♦ See referenced article, J. Biol. Chem. 2013, 288, 19343–19357
GABA type A receptors (GABAARs), the major inhibitory neurotransmitter receptors in the brain, are the primary targets of many general anesthetics. Researchers have wanted to know how structurally different anesthetics can all modulate GABAARs and have similar effects. In this Paper of the Week, a team led by Jonathan B. Cohen at Harvard Medical School and Keith W. Miller at Massachusetts General Hospital used photoreactive analogs of the general anesthetics etomidate and phenobarbital to map out where these different compounds bind in GABAARs.

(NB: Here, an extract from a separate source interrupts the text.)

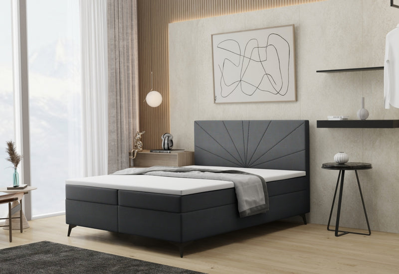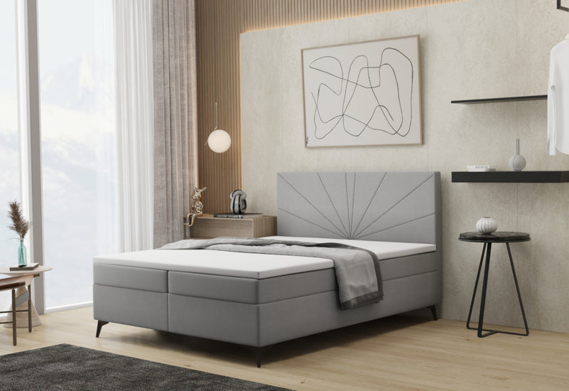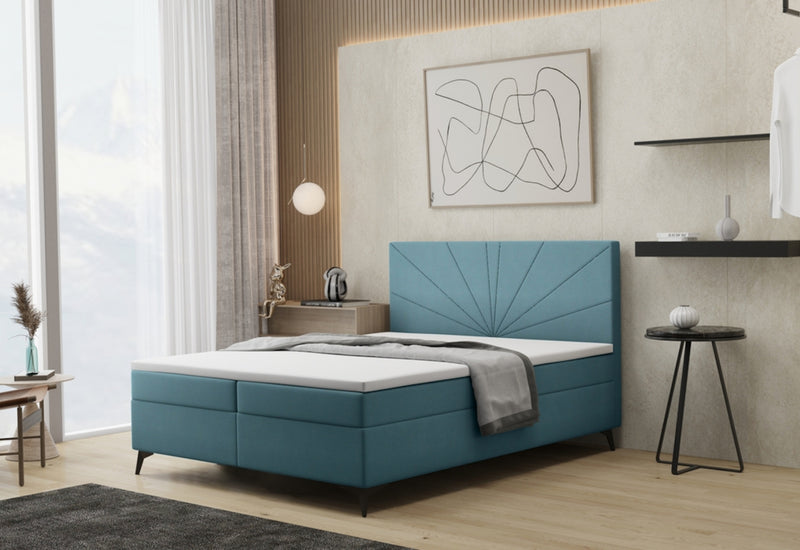 Čalúnená posteľ boxspring ROUSE. Dominantným prvkom je vysoké čelo s dekoračným prešívaním. Súčasťou postele je rošt a zabudovaný Bonellový matrac vyplnený penou. Flexibilný penový Topper zaistí pohodlie a komfort pri odpočinku. Zároveň slúži ako ochrana spacej plochy. Úložný priestor s bočným otváraním nájdete pod matracmi. Možnosť voľby veľkosti spacej plochy a farby čalúnenia.

They established that a photoreactive barbiturate bound to a human GABAAR subtype within the transmembrane domain at the α+-β− and γ+-β− interfaces. These interfaces were distinct from, but homologous to, sites bound by the etomidate analogs (β+-α−). They further showed that propofol and some barbiturates bound nonselectively to all four anesthetic sites. “The structural heterogeneity of barbiturate, etomidate, and propofol derivatives is accommodated by varying selectivities for these two classes of sites,” say the authors. “We hypothesize that binding at any of these homologous intersubunit sites is sufficient for anesthetic action and that this explains to some degree the puzzling structural heterogeneity of anesthetics.”
Intersubunit drug-binding sites in a GABAAR. Left, in the extracellular domain, there are binding sites for the neurotransmitter GABA (green) and for benzodiazepines (blue). Right, in the transmembrane domain, there are distinct binding sites for the general anesthetic etomidate (brown) and a high affinity barbiturate (red).